I recently read Spillover by David Quammen, a book about human diseases that originate in animals. ME/CFS is not mentioned in the book, but a passage about the origin of HIV struck very close to home.
Quammen describes how HIV originated in primates in Africa in the very early 20th century. Researchers used tissue samples from the 1950s in the Congo to trace its early spread. Quammen visited the University of Kinshasa, Democratic Republic of the Congo, where those samples had been stored. In the absence of freezers and other equipment, samples were preserved in paraffin. Quammen describes the process of preservation: a tissue sample from a lymph node or other organ is dipped in successive baths of methanol, drawing out the water from the sample. The last bath is xylol to draw out the methanol. The dessicated specimen is then encased in paraffin to preserve it for storage. Quammen describes the storage area:
At the far end of the lab was another doorway, this one hung with a blue curtain. Professor Kabongo pushed the curtain aside and I followed him into a specimen pantry, narrow and tight, lined with shelves and cabinets along one side. The shelves and cabinets contained thousands of dusty paraffin blocks and old microscope slides. The paraffin blocks were in stacks and cartons, some of the cartons dated and some not. It appeared to be organized chaos. Spillover by David Quammen, p. 411-412.

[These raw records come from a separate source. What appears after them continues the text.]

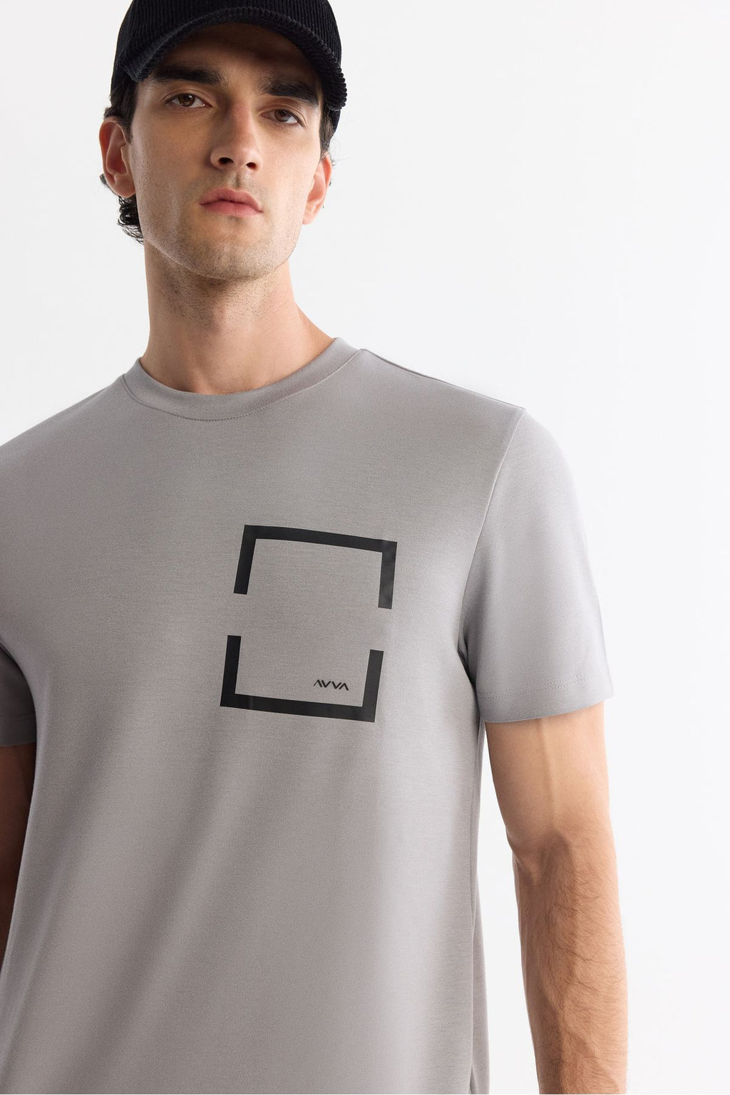 Men's gray bike collar printed elastan t-shirt A42y1020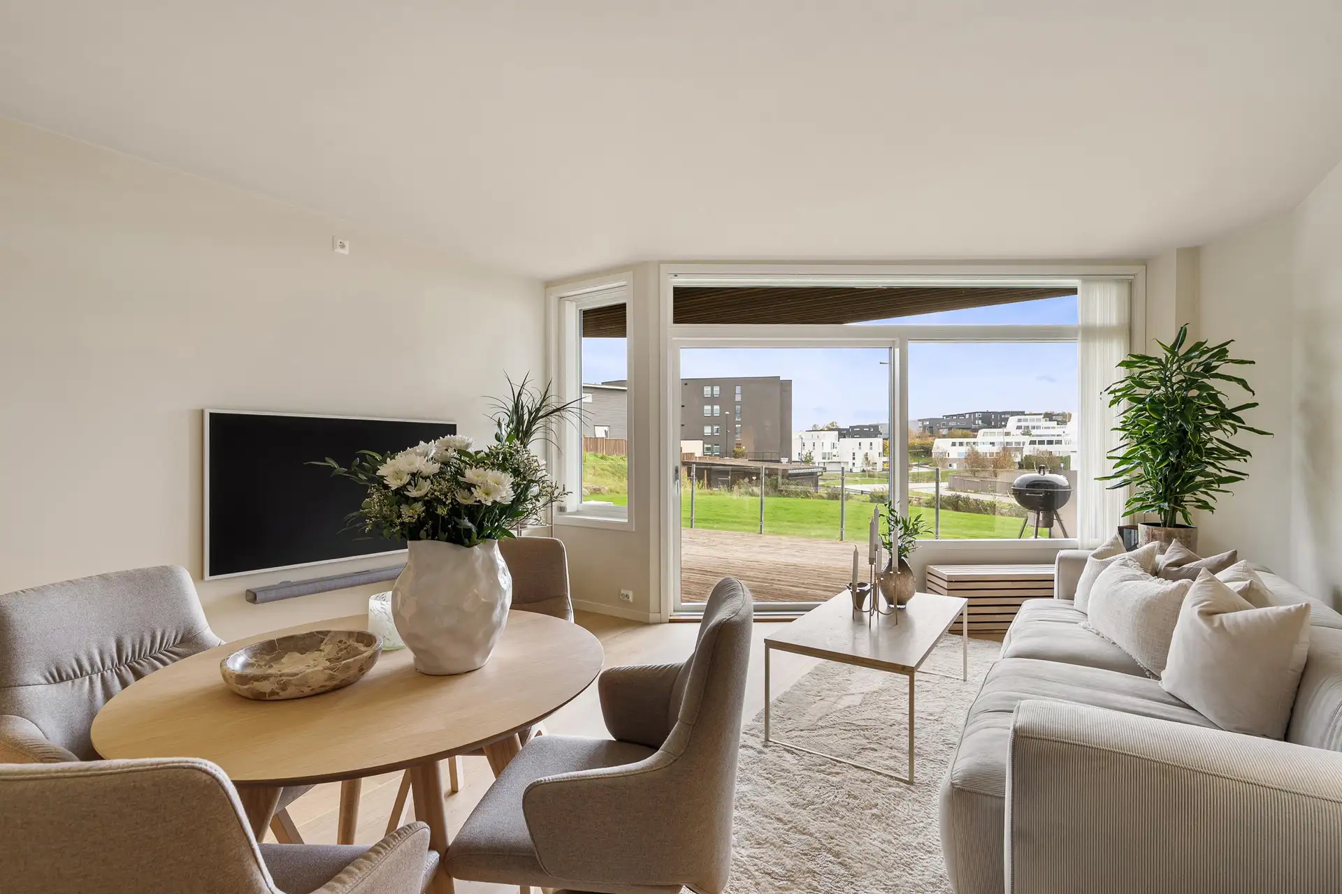 fungerer som en forlengelse av stuen. Med god plass til både sittegruppe og grill ligger alt til rette for å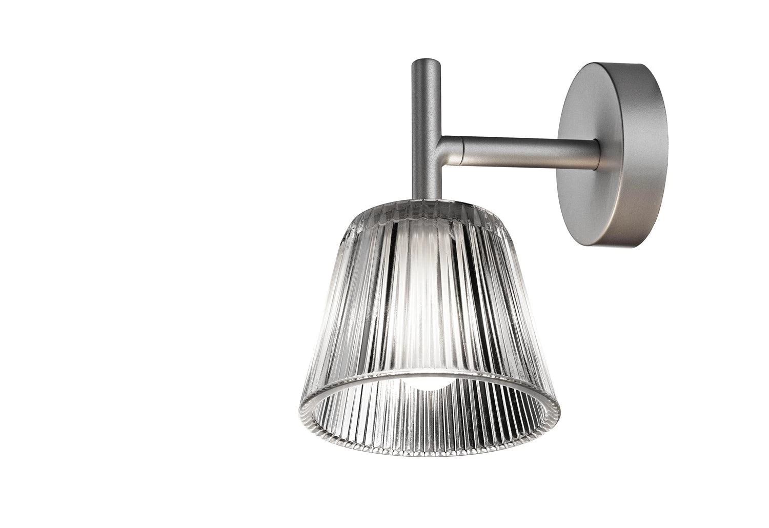 The Romeo Babe W wall light provides softly diffused light through an acid-etched borosilicate glass internal diffuser and pressed clear glass shade.

The image of thousands of samples piled here and there, forgotten and left to collect dust in a hospital of a poor country, reminded me of ME/CFS. One million patients: ignored, forgotten, and left to moulder on a shelf until one day – hopefully – a researcher comes looking for clues. That’s how I feel as an ME/CFS patient. I’ve gone through successive baths of major setbacks and treatment attempts that failed, and each one leached more life out of me. Instead of water removed by methanol, it is life and hope that is drawn out of patients, over and over and over. At some point, most of us shift from expecting to recover to simply waiting. We are like those paraffin-encased samples: inert, out of sight, unimportant. I see the room of dusty shelves of one million patients waiting for something to change. Each sample is a life frozen in time, enduring year upon year of exile.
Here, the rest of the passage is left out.